[Records drawn from a dataset]

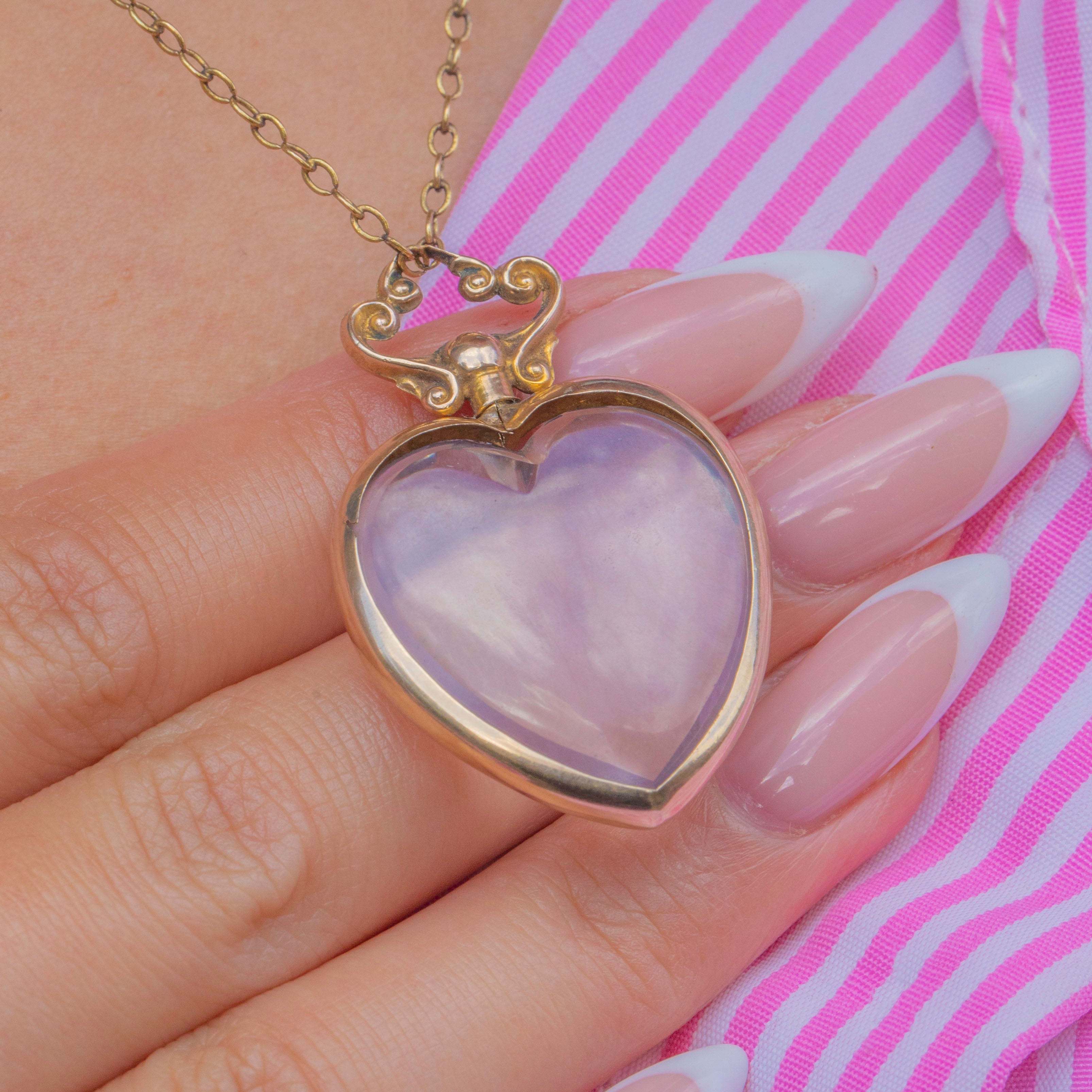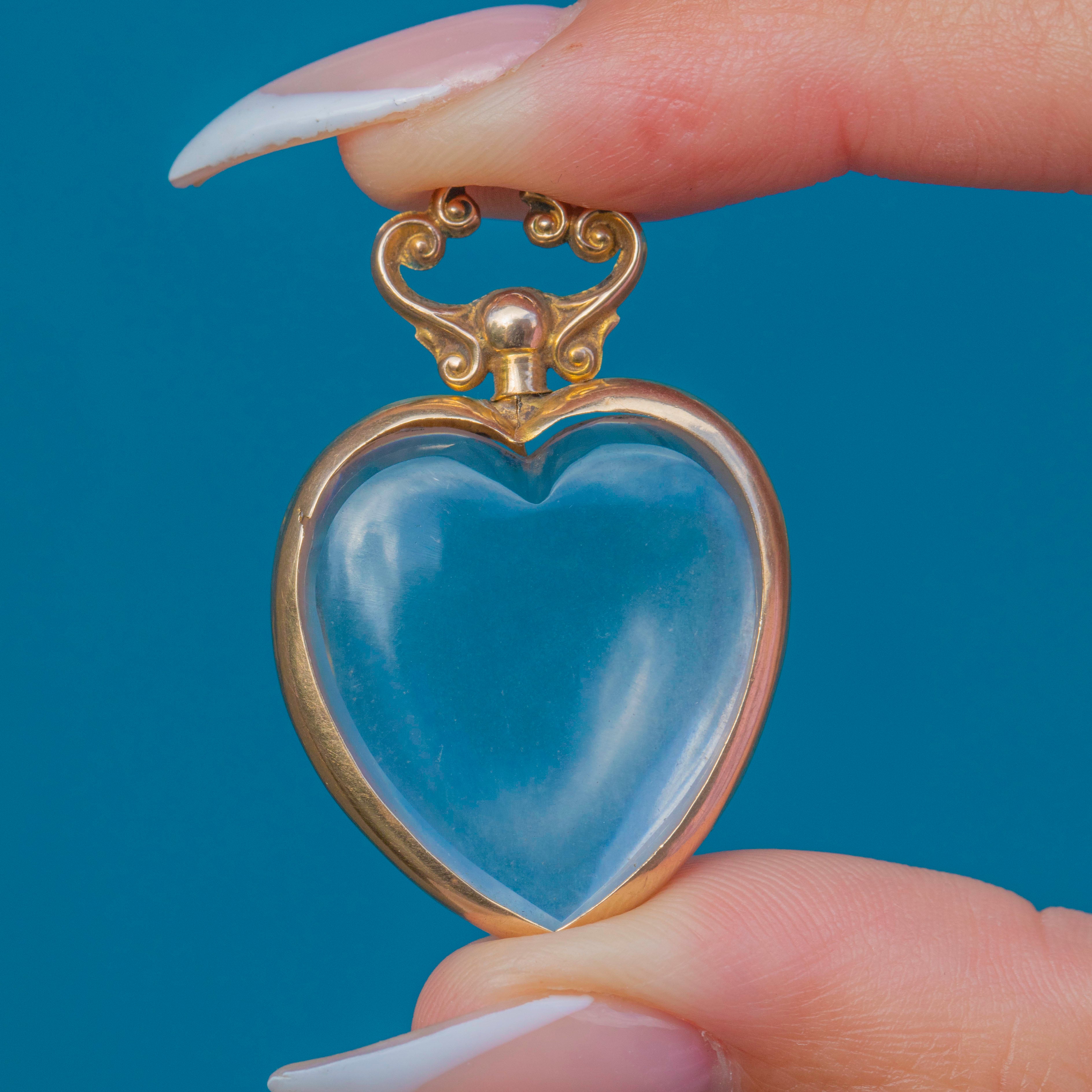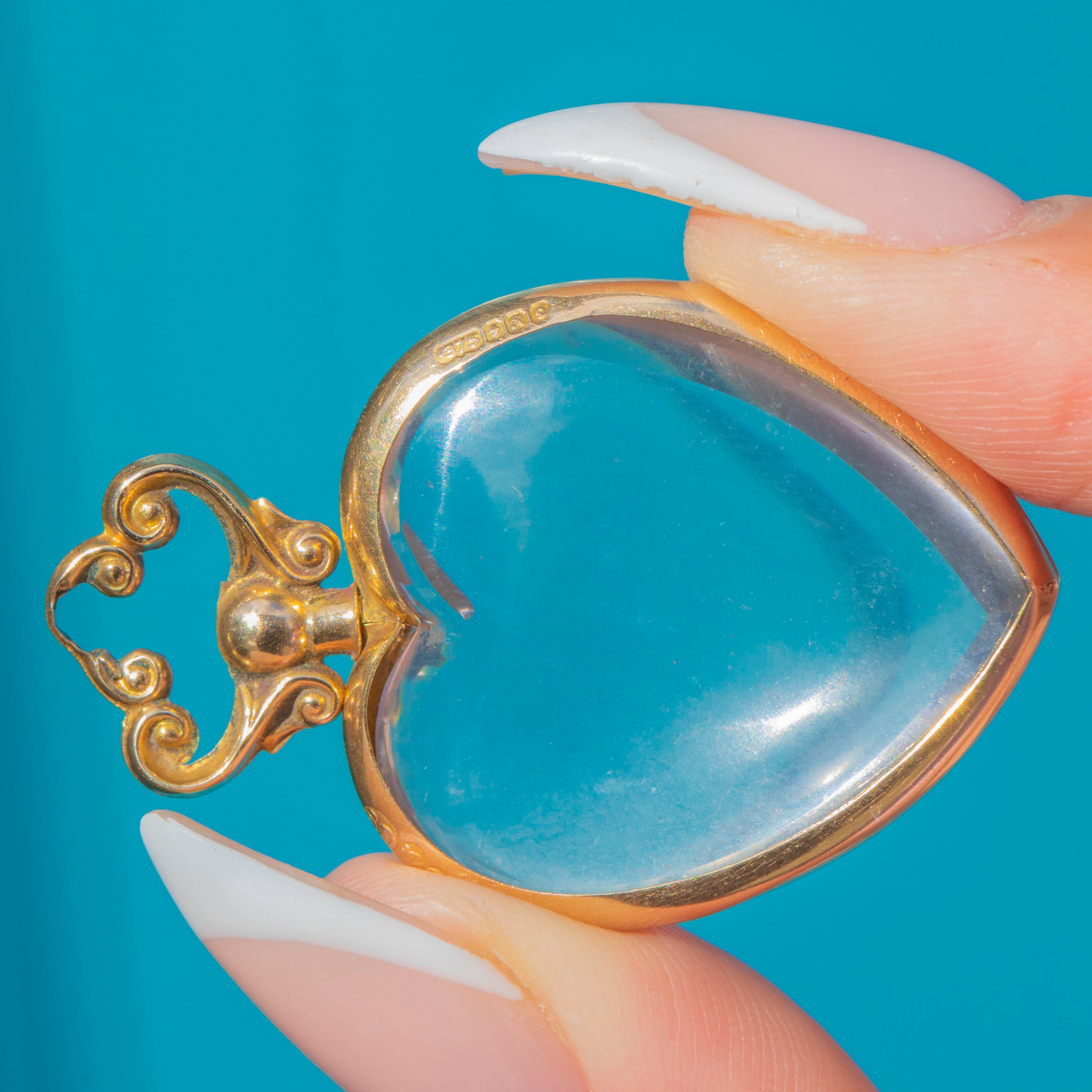 This exquisite antique heart locket is a beautiful example of early 20th-century craftsmanship. Made in 9ct Gold, the locket features two clear glass frames designed to hold cherished photographs or mementos. The elegant heart shape is finished with a scrolled Gold bail, enhancing its romantic charm.
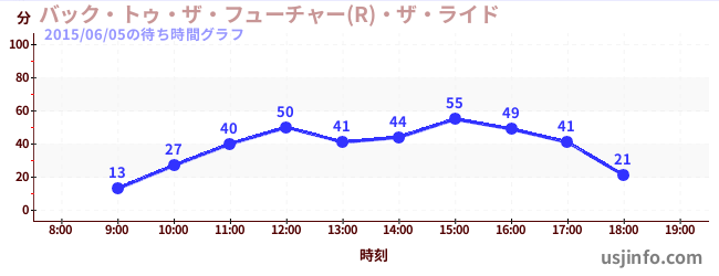 • バック・トゥ・ザ・フューチャー(R)・ザ・ライド$B$N(B2015年06月05日の待ち時間
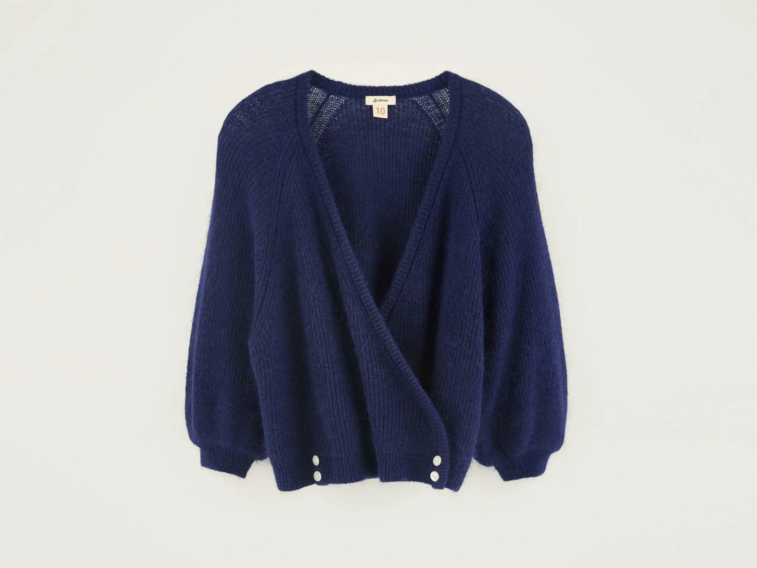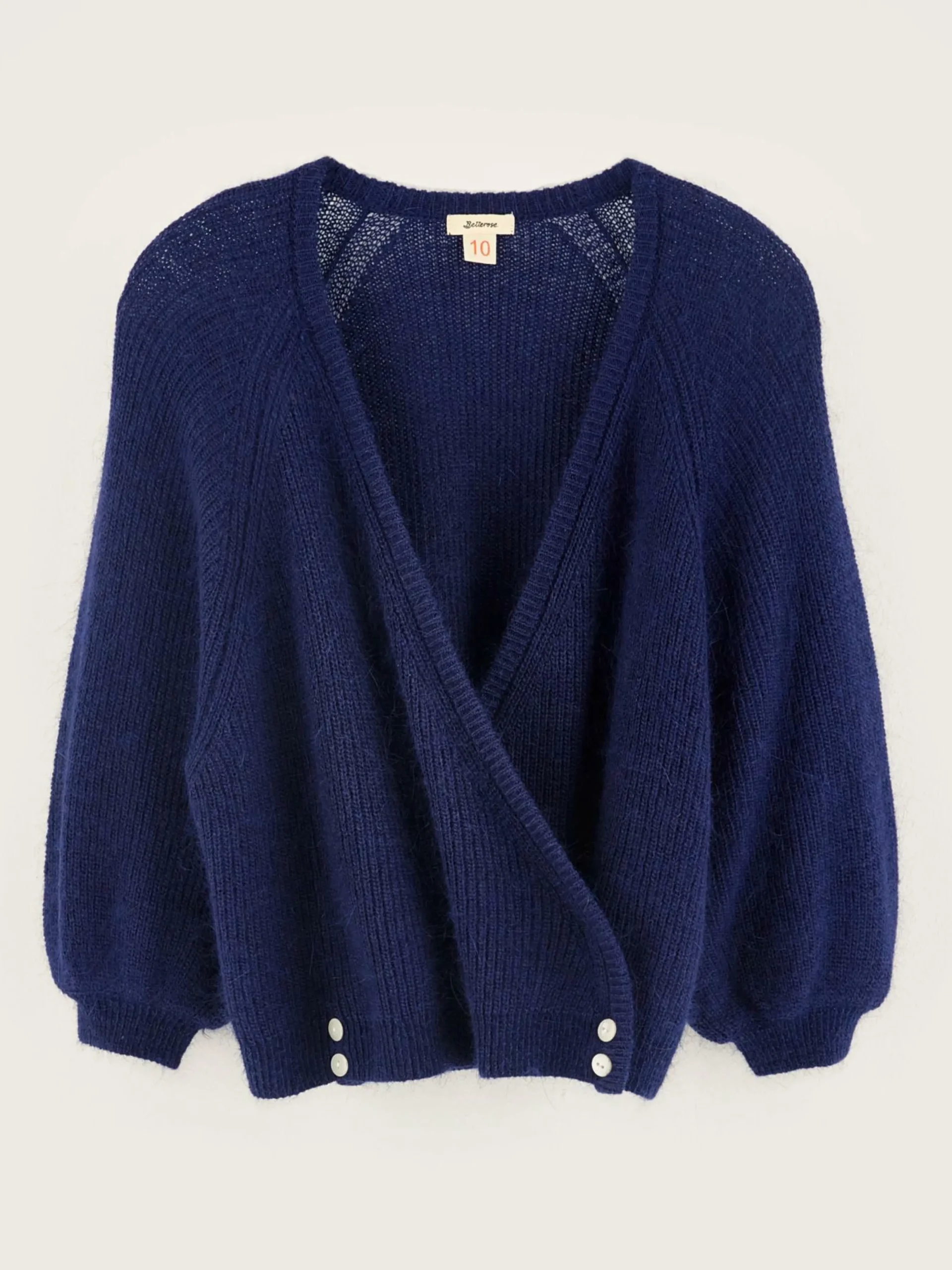 Cache-coeur à col V de couleur bleu cobalt.
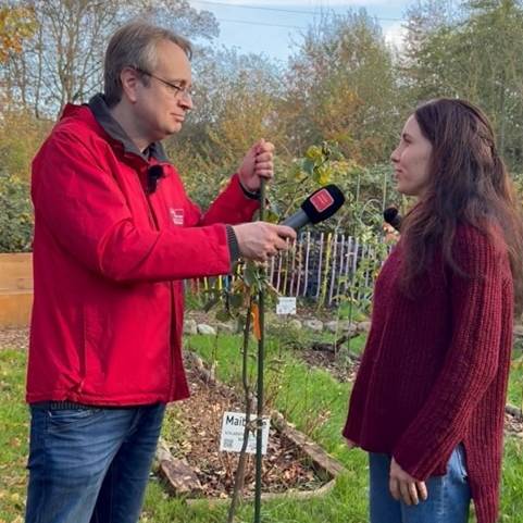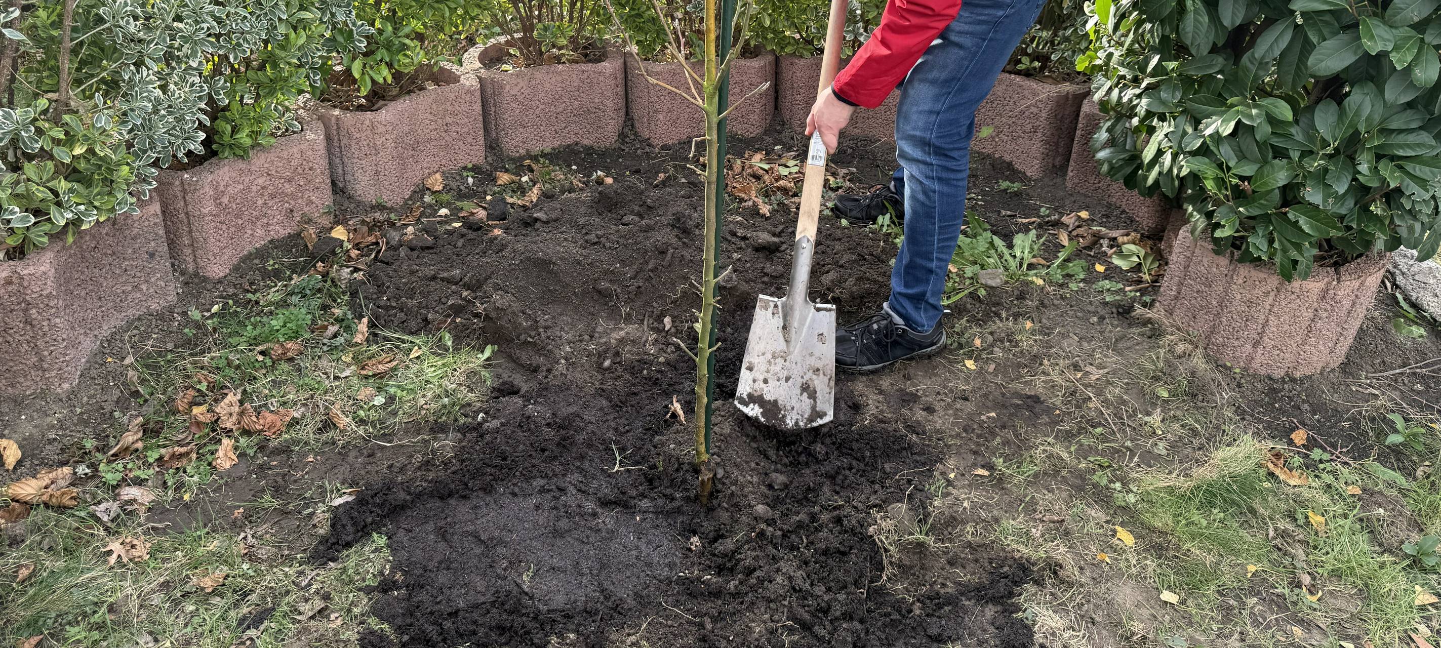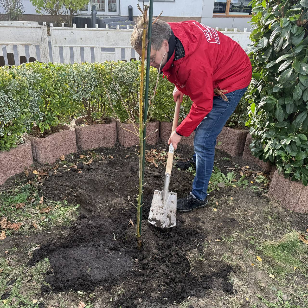 Also: Die Veredelungsstelle bleibt über der Erde, wir bringen gute Pflanzerde und einen Stab als kleine Baumstütze mit. Für Wasser und Spaten sorgt die Caritas. Am Donnerstag (13.11.2025) haben unsere Frühschicht-Moderatoren Larissa Schmitz und Christian Bannier dann den Apfelbaum gepflanzt, einen "Cox Columna“, eine Säulenform des beliebten Cox Orange. Vorteil: Der Baum wird maximal drei Meter groß und passt prima in den Vorgarten. Außerdem ist er leicht zu pflegen. Bald gibt es dort also leckere süße rot-gelbe Äpfel. Danke auch für die Unterstützung an das ganze Team der Caritas, besonders an Vivien und Marius!
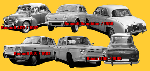 | Tampoco FIAT fue la primera ni la única automotriz capitalista en lanzar un “puente hacia atrás”, pues la Rumanía de Nicolae Ceauçescu fabricaba el Renault R-8 —una evolución del 4CV de 1947 y el Dauphine de 1956—, bajo el nombre de Dacia 1100, de 1968 (Dacia era el nombre original de la milenaria nación, y dacios sus moradores). |
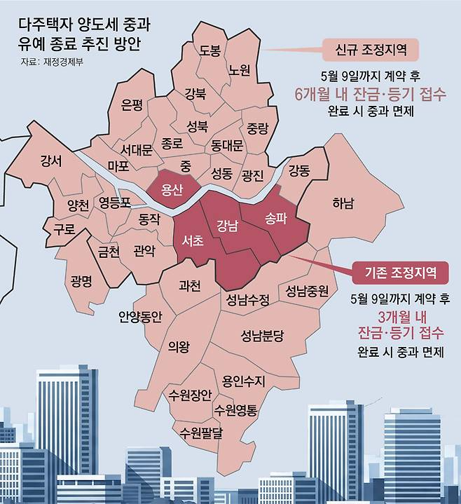 강남 3구(강남ㆍ서초ㆍ송파)와 용산구 등 기존 조정대상지역은 5월 9일까지 매도 계약을 체결하고 3개월 이내 잔금ㆍ등기를 마칠 경우 양도세 중과 유예 혜택을 그대로 적용받는다.

### Task goal
Word for word, restate the lines from the line containing "Also: Die Veredelungsstelle" through the end of the data, including the first and last of them. Pictures stay out.

### Output of the task
 Also: Die Veredelungsstelle bleibt über der Erde, wir bringen gute Pflanzerde und einen Stab als kleine Baumstütze mit. Für Wasser und Spaten sorgt die Caritas. Am Donnerstag (13.11.2025) haben unsere Frühschicht-Moderatoren Larissa Schmitz und Christian Bannier dann den Apfelbaum gepflanzt, einen "Cox Columna“, eine Säulenform des beliebten Cox Orange. Vorteil: Der Baum wird maximal drei Meter groß und passt prima in den Vorgarten. Außerdem ist er leicht zu pflegen. Bald gibt es dort also leckere süße rot-gelbe Äpfel. Danke auch für die Unterstützung an das ganze Team der Caritas, besonders an Vivien und Marius!
 | Tampoco FIAT fue la primera ni la única automotriz capitalista en lanzar un “puente hacia atrás”, pues la Rumanía de Nicolae Ceauçescu fabricaba el Renault R-8 —una evolución del 4CV de 1947 y el Dauphine de 1956—, bajo el nombre de Dacia 1100, de 1968 (Dacia era el nombre original de la milenaria nación, y dacios sus moradores). |
 강남 3구(강남ㆍ서초ㆍ송파)와 용산구 등 기존 조정대상지역은 5월 9일까지 매도 계약을 체결하고 3개월 이내 잔금ㆍ등기를 마칠 경우 양도세 중과 유예 혜택을 그대로 적용받는다.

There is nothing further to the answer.